Com Lavagem do Bonfim ameaçada devido à pandemia, basílica pensa em realizar carreata

    Segundo padre Edson, organização já estuda programação do festejo com estratégias para evitar aglomerações

    Foto: Matheus Morais/bahia.ba

    Realizada há 275 anos, a Lavagem do Bonfim, que reúne milhões de pessoas do mundo inteiro em uma caminhada de 8 km, poderá não ocorrer em janeiro de 2021, devido à pandemia do novo coronavírus, que provoca a Covid-19.

    A fim de evitar aglomerações até que toda a população seja imunizada, o pároco da Basílica do Nosso Senhor do Bonfim, padre Edson Menezes, informou que a organização do festejo já se articula para encontrar alternativas para homenagear o santo.

    Estuda-se a possibilidade de que as missas sejam transmitidas ao vivo pela internet. O cortejo, por sua vez, daria lugar para uma carreata com a imagem do santo percorrendo a cidade.

    “Certamente não acontecerá como aconteceria no período normal. Nós já estamos pensando em toda a programação, de modo que as atividades internas da igreja serão transmitidas pelas redes sociais. As procissões que nós fazemos, precisamos sentar com a Prefeitura, os órgãos que fazem parte desse processo, para juntos pensarmos como será organizado. Estamos pensando em carreata com imagem do Senhor do Bonfim, mas tudo tem que ser discutido para não haver aglomerações. As coisas estão incertas, precisamos de uma resposta da Prefeitura sobre quando podemos definir o que pode e o que não pode”, disse.

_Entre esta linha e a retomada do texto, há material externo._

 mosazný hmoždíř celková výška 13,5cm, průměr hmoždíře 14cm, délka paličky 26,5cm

    A declaração ocorreu nesta quinta-feira (13), durante a entrega do Caminho da Fé, na Cidade Baixa, realizada pelo prefeito ACM Neto (DEM). Com investimento de R$ 18,2 milhões, a obra liga a Basílica ao Santuário de Irmã Dulce. A inauguração do Caminho da Fé ocorre, inclusive, neste dia 13 de agosto, data que marca a celebração oficial da Bem-aventurada Dulce dos Pobres.

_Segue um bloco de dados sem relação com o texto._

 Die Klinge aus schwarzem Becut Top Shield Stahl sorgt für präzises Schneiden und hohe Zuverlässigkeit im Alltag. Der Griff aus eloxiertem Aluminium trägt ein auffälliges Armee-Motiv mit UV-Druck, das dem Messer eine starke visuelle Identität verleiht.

    Diante do atual momento em que passa a humanidade, padre Edson comentou sobre possíveis comportamentos que a santa teria caso estivesse enfrentando a pandemia. “Irmã Dulce era muito obediente, sobretudo quando dizia respeito a sua saúde ou até mesmo as práticas religiosas. Porém, o amor aos pobres extrapolava todos os limites. Com certeza ficaria muito sensibilizada com o que está acontecendo e socorreria os pobres, abriria as portas do seu hospital para acolher aqueles que necessitassem de assistência. Irmã Dulce revelou para todos nós algo que é muito importante, que é a prática da misericórdia”, afirmou.